Since my mother was against everyday candy--and how right she was---Halloween was a kind of Mardi Gras in our house. The normal ban on candy was lifted, and candy could be consumed--slowly--until that sad day there was nothing left but molasses kisses, which even we would (unless desperate for a fix) leave be.
How to stop children from eating all their Hallowe'en trick-or-treat candy at once? Put it on a high shelf and forbid them from touching it. This works when they are very small, but it is less effective when, if they stand on the kitchen stool, they can just touch the edge of their baskets. I don't have any clear memory of doing this myself, but I have this deep intuitive knowledge that suggests that I did. I wonder if I mentioned it in confession. I am reasonably sure I would have thought it a very bad sin to pilfer something from one of my sibling's baskets, and I hope I didn't do that.

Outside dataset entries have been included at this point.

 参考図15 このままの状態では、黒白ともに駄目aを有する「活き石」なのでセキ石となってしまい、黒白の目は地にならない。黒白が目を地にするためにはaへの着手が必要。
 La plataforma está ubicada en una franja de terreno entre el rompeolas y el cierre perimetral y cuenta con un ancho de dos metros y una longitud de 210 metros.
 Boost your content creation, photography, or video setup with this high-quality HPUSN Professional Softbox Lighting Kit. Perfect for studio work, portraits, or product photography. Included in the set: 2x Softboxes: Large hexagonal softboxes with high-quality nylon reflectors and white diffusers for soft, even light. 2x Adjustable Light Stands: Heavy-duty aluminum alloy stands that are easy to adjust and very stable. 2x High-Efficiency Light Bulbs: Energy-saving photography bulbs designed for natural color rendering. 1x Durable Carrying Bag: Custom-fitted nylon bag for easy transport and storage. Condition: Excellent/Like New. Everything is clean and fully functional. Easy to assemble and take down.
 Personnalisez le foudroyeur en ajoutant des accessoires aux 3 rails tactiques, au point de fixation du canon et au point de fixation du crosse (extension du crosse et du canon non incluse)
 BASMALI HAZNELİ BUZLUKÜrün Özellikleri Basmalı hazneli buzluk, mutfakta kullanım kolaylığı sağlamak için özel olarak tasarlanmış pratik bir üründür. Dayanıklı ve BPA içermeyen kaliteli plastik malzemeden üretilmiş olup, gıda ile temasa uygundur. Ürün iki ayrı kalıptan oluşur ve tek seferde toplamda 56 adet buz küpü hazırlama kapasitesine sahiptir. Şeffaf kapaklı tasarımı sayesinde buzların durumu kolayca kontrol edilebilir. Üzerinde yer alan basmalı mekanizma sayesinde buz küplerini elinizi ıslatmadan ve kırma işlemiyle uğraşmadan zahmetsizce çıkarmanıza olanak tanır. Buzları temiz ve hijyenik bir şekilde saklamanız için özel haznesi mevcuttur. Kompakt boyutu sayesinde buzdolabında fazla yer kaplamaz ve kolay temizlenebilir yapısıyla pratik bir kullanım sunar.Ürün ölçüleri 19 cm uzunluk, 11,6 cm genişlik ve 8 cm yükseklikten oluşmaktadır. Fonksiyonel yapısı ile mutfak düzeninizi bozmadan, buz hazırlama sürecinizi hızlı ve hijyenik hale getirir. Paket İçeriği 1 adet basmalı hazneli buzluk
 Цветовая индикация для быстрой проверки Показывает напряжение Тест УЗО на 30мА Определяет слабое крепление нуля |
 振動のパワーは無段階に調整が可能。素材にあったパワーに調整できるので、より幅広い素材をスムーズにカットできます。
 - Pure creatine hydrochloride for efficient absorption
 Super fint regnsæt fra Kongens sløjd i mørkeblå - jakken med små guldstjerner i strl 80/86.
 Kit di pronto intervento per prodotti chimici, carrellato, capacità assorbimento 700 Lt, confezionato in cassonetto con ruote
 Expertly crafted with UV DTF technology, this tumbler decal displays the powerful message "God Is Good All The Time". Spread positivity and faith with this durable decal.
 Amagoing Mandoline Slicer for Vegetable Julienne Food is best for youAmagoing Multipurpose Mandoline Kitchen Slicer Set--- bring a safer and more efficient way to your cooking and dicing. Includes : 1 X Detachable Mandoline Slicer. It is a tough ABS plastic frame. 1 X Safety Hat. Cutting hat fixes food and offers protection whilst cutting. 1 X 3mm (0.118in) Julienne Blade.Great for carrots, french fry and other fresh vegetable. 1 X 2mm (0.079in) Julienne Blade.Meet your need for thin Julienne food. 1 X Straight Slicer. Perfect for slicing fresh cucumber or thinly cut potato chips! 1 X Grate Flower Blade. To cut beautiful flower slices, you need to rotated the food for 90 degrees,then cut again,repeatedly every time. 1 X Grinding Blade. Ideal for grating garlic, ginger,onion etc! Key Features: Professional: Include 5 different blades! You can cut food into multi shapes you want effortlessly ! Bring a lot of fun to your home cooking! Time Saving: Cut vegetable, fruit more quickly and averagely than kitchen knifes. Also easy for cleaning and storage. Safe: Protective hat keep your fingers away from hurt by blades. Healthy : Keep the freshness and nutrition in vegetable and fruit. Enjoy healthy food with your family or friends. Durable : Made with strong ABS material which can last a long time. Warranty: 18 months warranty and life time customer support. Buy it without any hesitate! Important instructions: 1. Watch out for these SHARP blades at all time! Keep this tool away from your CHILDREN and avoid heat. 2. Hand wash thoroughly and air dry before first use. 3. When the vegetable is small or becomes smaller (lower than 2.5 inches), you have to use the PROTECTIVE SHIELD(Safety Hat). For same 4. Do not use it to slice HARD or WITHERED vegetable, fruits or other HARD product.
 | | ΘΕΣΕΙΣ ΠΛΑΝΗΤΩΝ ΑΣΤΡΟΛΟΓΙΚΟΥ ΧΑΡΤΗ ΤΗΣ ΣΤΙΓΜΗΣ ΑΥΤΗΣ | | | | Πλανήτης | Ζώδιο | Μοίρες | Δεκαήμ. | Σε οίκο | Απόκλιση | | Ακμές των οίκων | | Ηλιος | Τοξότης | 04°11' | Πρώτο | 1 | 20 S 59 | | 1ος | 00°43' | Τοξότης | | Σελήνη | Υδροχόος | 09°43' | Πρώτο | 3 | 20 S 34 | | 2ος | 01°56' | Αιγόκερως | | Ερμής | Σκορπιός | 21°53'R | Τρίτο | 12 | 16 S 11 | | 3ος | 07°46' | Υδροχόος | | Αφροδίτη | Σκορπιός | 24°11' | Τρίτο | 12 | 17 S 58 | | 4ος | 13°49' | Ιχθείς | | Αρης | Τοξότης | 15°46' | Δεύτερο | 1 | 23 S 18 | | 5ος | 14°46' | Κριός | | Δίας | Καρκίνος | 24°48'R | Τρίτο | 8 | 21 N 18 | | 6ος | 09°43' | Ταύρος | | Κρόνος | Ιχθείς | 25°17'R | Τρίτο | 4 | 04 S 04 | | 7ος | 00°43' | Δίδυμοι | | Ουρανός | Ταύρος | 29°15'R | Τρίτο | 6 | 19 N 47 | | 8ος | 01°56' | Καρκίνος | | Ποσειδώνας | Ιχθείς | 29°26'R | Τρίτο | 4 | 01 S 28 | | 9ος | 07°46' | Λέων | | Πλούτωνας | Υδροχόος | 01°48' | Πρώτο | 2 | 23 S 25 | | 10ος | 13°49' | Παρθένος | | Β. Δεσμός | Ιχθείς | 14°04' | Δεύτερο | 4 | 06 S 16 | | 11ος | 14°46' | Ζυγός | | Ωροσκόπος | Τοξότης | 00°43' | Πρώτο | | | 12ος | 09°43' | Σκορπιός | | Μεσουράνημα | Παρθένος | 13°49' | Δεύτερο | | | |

Incidentally, I hope I do not have to tell my adult audience, who all presumably have money for their own sweets, how wicked it is for parents, who can just go to a shop whenever they like, to steal their minor children's Hallowe'en candy.
At any rate, the normal procedure for getting candy out of the baskets was to ask "Can I have a treat?" and wait until a parent had retrieved our baskets and offered us a choice. Naturally the first choice would be the Hostess potato chips, as chips were just as rare in our daily life as, say, Glossett chocolate raisins, or Reese's peanut butter cups. The Reese's pbc would, of course, be second choice, and then we would gradually munch through all the little chocolate bars, the M &Ms and the Smarties, and then on to the tootsie rolls, the lollipops, and the red liquorice. The hard candy, though someone disappointing, would do, but the black liquorice and the molasses kisses were, as it were, merely cigarette butts scrounged from the sidewalk. Fortunately, by then we were almost at December, with its promise of candy canes and chocolates disguised as coins or Santa Claus.
Even a shelf over a dining-room door can have absolutely magical properties when you are a child, something C.S. Lewis must have intuited when he described Diggory and Polly exploring the joined attic of a London row house and Lucy opening the wardrobe door. Naturally I tried to find Narnia at the back of my parents' closet (who doesn't), but my mild disappointment has been replaced by a sense of wonder at the oddness of that narrow tunnel. My own closet, which was only about 3 feet high, was rather strange too, now that I think about it.
The Old House, let's face it, was weird. It began existence as a small bungalow, and then a granny flat was added to the top, and then (if I have the order right) a kitchen and dining-room were added to the back. The sidling panel by the back door revealing boots almost concealed a passageway to the basement and my father's pile of lumber. The basement, which was very big, contained a cool and dismal room where the furnace sulked and the laundry dried in winter. The laundry room (also in this cellar) had a sink and a toilet and counter on which my brother Nulli and I played with the chemistry set. My father's workshop, across the narrow cellar passage from the lumber pile (and behind the boots) was set into the wall, and my mother carried the laundry past it and up concrete stairs into the garden back yard. In winter those stairs and that door were covered up by a kind of wooden false front with a plastic window: perhaps Nulli could explain it better.
In short, we traded many quirky details for the pool and the private bedrooms. If I could, I would buy the Old House back, just for the sake of keeping it in the family, but it has been demolished and replaced by a monstrosity worth over $2,000,000. The New House (with which I have in fact been acquainted for 35 years) has its own interesting quirks, I suppose, although it lacks the deep and only lately appreciated weirdness of the Old.